Fat-soluble vitamin (FSV) deficiency is a well-recognized consequence of cholestatic liver disease and reduced intestinal intraluminal bile acid. We hypothesized that serum bile acid (SBA) would predict biochemical FSV deficiency better than serum total bilirubin (TB) level in infants with biliary atresia.


Infants enrolled in the Trial of Corticosteroid Therapy in Infants with Biliary Atresia after hepatoportoenterostomy were the subjects of this investigation. Infants received standardized FSV supplementation and monitoring of TB, SBA, and vitamin levels at 1, 3, and 6 months. A logistic regression model was used with the binary indicator variable insufficient/sufficient as the outcome variable. Linear and nonparametric correlations were made between specific vitamin measurement levels and either TB or SBA.


The degree of correlation for any particular vitamin at a specific time point was higher with TB than with SBA (higher for TB in 31 circumstances vs 3 circumstances for SBA). Receiver operating characteristic curve shows that TB performed better than SBA (area under the curve 0.998 vs 0.821). Including both TB and SBA did not perform better than TB alone (area under the curve 0.998).

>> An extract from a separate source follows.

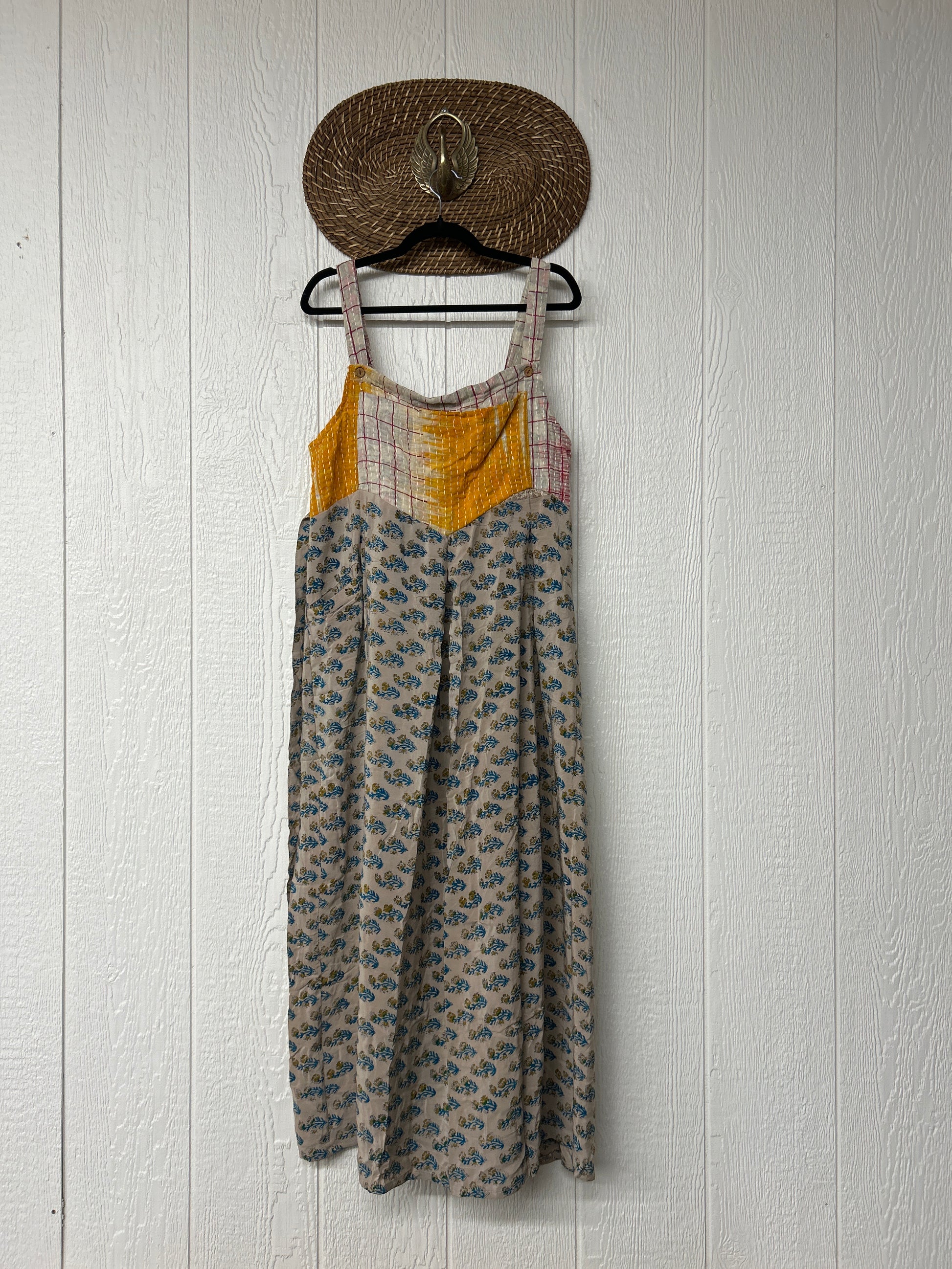 Perfect for EVERY season this overall dress features a kantha bib front with center pocket, adjustable button straps, tie back, crepe skirt and interior pockets on the skirt.

We found that TB was a better predictor of FSV deficiency than SBA in infants with biliary atresia. The role of SBA as a surrogate marker of FSV deficiency in other cholestatic liver diseases, such as progressive familial intrahepatic cholestasis, α-1-antitrypsin deficiency, and Alagille syndrome in which the pathophysiology is dominated by intrahepatic cholestasis, warrants further study.